Lyxor manages €1.6 billion in ESG ETFs based on two pillars: ratings and thematics. The ratings-based ETFs provide broad ESG solutions for portfolio allocations. Lyxor was the first to launch ETFs based on the MSCI ESG Leaders family – top 50% best-in-class – which is widely used by asset owners, and the ESG Trend Leaders, which supports change by rewarding companies with positive ESG momentum.
“Our thematic ESG ETFs form the only ETF range that contributes to four of the UN’s Sustainable Development Goals: water, new energy, climate action (green bonds) and gender equality,” says François Millet, head of ETF strategy and ESG innovation at Lyxor in Paris.
“We launched water and new energy ETFs as early as 2007, the first green bond ETF – the only one to have received the Greenfin label – and the first gender-equality ETF in Europe. Recently, Lyxor converted a full range of corporate bond ETFs to ESG indexes representing €2.2 billion of additional assets, completing its set of ESG index solutions for multi-asset investors.”
The trend and the futures
“It’s not just great to be good now, it’s also what trend you are on.
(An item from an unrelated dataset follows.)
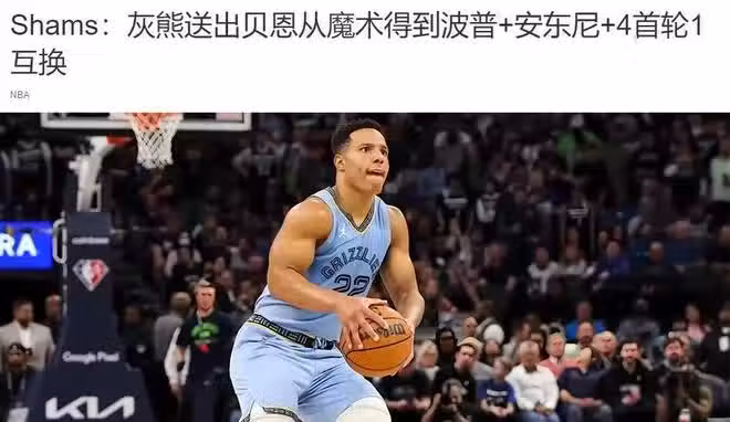 灰熊送出貝恩得到25年首輪16號簽、太陽26年首輪和魔術28、30年首輪4個無保護首輪以及魔術29年首輪互換和波普、安東尼·科爾。

Are you generating a good momentum in improving your ESG credentials?” asks Isabelle Millat, head of sustainable investment solutions for global markets at Societe Generale in Paris.
Furthermore, there are also a lot of predominantly institutional investors seeking futures exposure to indexes that screen out names generally considered poor from an ESG perspective, according to Slyta. “One of the big asset managers in the Nordics has prohibited its portfolio managers from investing in broad-based futures such as the Eurostoxx or S&P 500 because you would gain exposure to some of these ‘bad’ ESG names,” says Slyta.
“They have then had discussions with different exchanges and they have now listed what they call ESG-friendly futures, where they screen away certain names and criteria, which means they can still invest in the futures because the alternative would be to trade out of all of their benchmark exposure to the Eurostoxx 50 and S&P 500 indexes and invest into the underlying single names instead,” says Slyta. “In some cases, the discussion has gone quite far, with management prohibiting certain exposures that give indirect exposure to some of the bad names.”
The index future
Societe Generale is preparing an index, which should be ready in October, enabling investors to precisely invest in the top ESG companies – using a best-in-class approach – with a specific weighting mechanism and a trading approach that aims to minimise market impact, all of which results in an index that will compare favourably with equity benchmarks, but with a limited tracking error. Investors will be able to access the new index through swaps or funds.
One example, from a trade completed in the middle of September, included a client with a portfolio not linked to ESG, who wanted to move his exposure very quickly in that direction, according to Carle. “He did not physically own the names, so must have swaps or ETFs, and traded a long-short basket within the indexes he was tracking. In the middle of September, he went short the bad and long the good ESG names, which was packaged into a swap done by us,” says Carle.
The message to investors is that there are now sufficiently robust datasets in ESG as well as actionable approaches that allow them to improve their ESG exposure within their existing framework. “And, of course, because they are provided by Societe Generale, everything can be wrapped up in any format you want,” says Dubourg.
This is the second of two articles on ESG at Societe Generale. The first appeared yesterday (Wednesday 30 October).